Not once, neither at the doctor’s nor the spas, has the disease been given its real name. Mostly, I’m held to have ‘rheumatisms’. More formally, I have a disease of the bone marrow, or a degeneration of the nervous system—which is, of course, accurate.

DE MONTALK

Could your contemplation of suicide have been a factor? Julia begged you to think of the children.

DAUDET

Above all, I didn’t want to worry her. I didn’t want to worry any of my family. I took the view, as I told Ebner, that ‘Suffering is nothing—the difficult thing is to avoid making those one loves suffer.’ Not that they’re always taken in.

DE MONTALK

Ebner quotes you saying just this. He recalls an occasion on which Julia entered your study as you were sharing your pain with a friend. Your body was slumped, your head was bent, your ‘loins’ were being tortured, you said, as if with a hot poker. Upon seeing the doorknob turn, you quickly stood, smiled and replied strongly, in response to her question, that all was well.

DAUDET

Pain soon becomes mundane to onlookers, even those closest to us. Compassion fades. I attempt to keep my ordeal to myself to protect others, and as a matter of pride—in order not to see tedium in their eyes.

page 43

DE MONTALK

What of those who suffer alone—who have no family or friends with whom to share their anguish?

DAUDET

For me, the easiest way to be in pain is to be alone, like a mole in a burrow, free of explanations, expectations, the limitations I place on my family.

DE MONTALK

I have a photograph of you and Julia, taken five years ago in the garden of your country house at Champrosay. You sit on a slatted seat. Julia stands alongside, holding a folded parasol.

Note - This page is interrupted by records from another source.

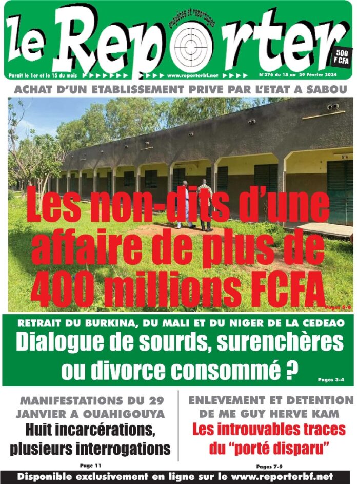 🛑 NB : Cette parution est uniquement disponible sur le site www.reporterbf.net
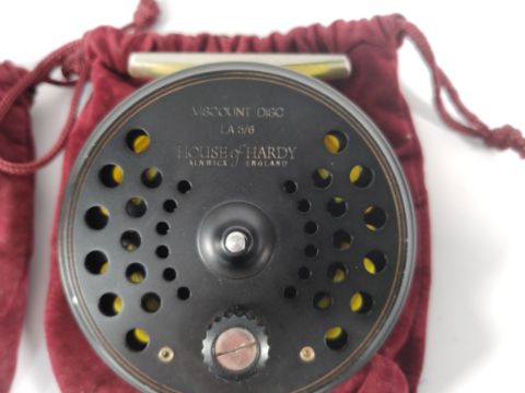 Two pre-owned House of Hardy items - a Hardy viscount disc LA 5/6 fly reel and a Hardy fly reel spool and line.
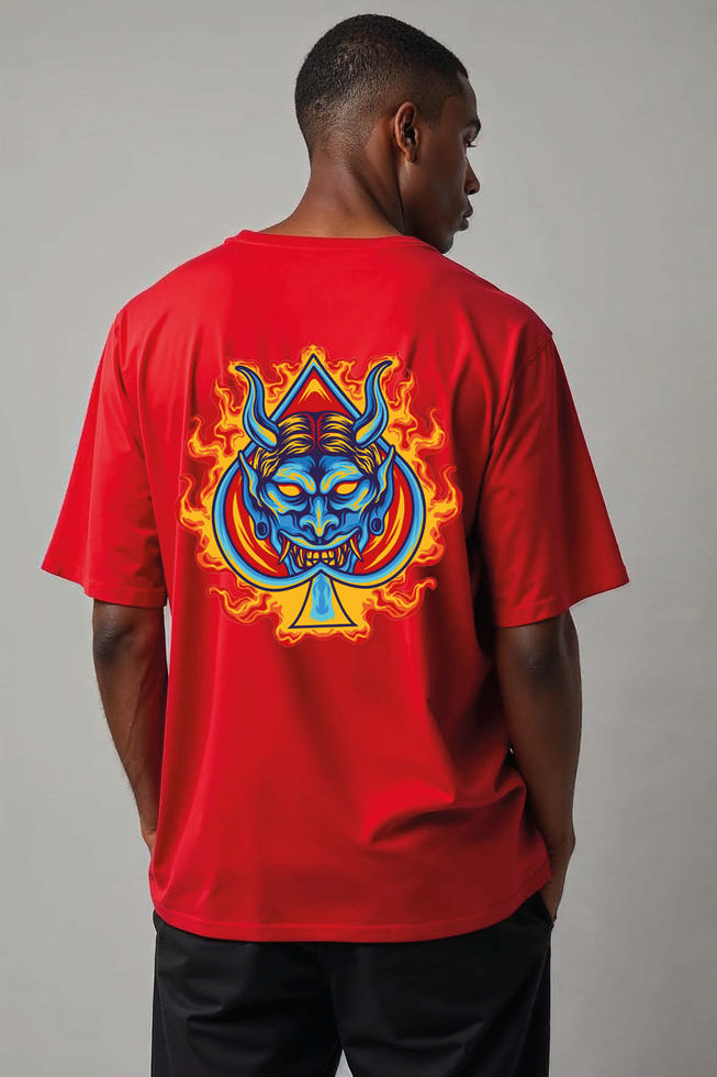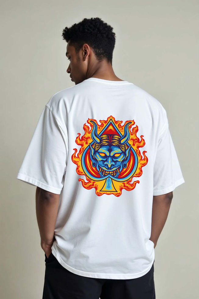 Oni Demon Face Ace of Spades Vintage Unisex Drop Shoulder Oversized T-Shirt

You tilt your head, and feign interest with a half-smile. Your face seems pallid, even in black and white. I sense fragility. For some time, you’d been finding writing a challenge—a test of will and endurance?

DAUDET

By then my writing had become a daily exercise of effort and willpower, of binding myself to the fixed moment at which I’d seat myself at the table and challenge my illness. I felt my life was effectively over. I lived instead through my novels.

DE MONTALK

These challenges have resulted in some ten publications and plays since 1885 when tabes declared itself and the pain became almost constant. What have been your motifs during the twelve years of greatest pain? I’ve listed: adventure, reminiscence, satire, romance and the pitfalls of divorce, jealousy, studies of the stage, the purifying effects of true love in La Fedor, and contrasts within families in Soutienne de famille, to be published next year. These topics seem to be consistent with your pre-tabes oeuvre, written from the heart of humour, sadness and ‘living fact’. To which work do you feel closest?

DAUDET

Of all I’ve written—and since I’ll always love the South—Lettres de mon moulin remains my favourite book. I write according to my page 44 surroundings. For some ten years now, I’ve been mostly surrounded by Paris.

DE MONTALK

And by pain: except that physical distress as a theme doesn’t feature. It has been said that something of the natural energy and allure of your writing has been absent since Sappho was published in 1884.

DAUDET

One only has to imagine the torture of living within a wall that is gradually tightening, adding one constraint to another.

DE MONTALK

Do the distraction of writing and the impetus of responsibility—of maintaining your place in the family—help to hold back the wall?

DAUDET

My responsibilities and anxieties as a father and head of a household are certainly an incentive to keeping me on my feet. As is comparison with the less fortunate—with sufferers for whom financial hardship and a lack of warmth, food, wine and affection are added to their misery.

DE MONTALK

In a conversation with Léon, in his first memoir, you keep returning to the ‘alliance between pity and pain’—an alliance seen in your writing, in poignancy arising from pity for human misery, as much as in irony prompted by your observations of absurdity. Are your acts of pity in daily life a manifestation of compassion through pain?

DAUDET

Living in pain can isolate people, and cause them to lose touch with the reality of the wider world. Self-pity can then become overwhelming. I remind myself that there are heavier burdens than mine. In this way, I have pity left to expend on others. I advise sufferers to concentrate on ‘active pity’ rather than ‘useless fears’. You’ll be aware that many philosophers dismiss pity as a product of weakness.

page 45

DE MONTALK

In Much Ado About Nothing when Antonio speaks of self-pity as shameful, Leonato rejoins there has never been a philosopher who patiently endured toothache!

DAUDET

If one has never been cold or hungry, or otherwise suffered, one cannot imagine, or speak about any of those things.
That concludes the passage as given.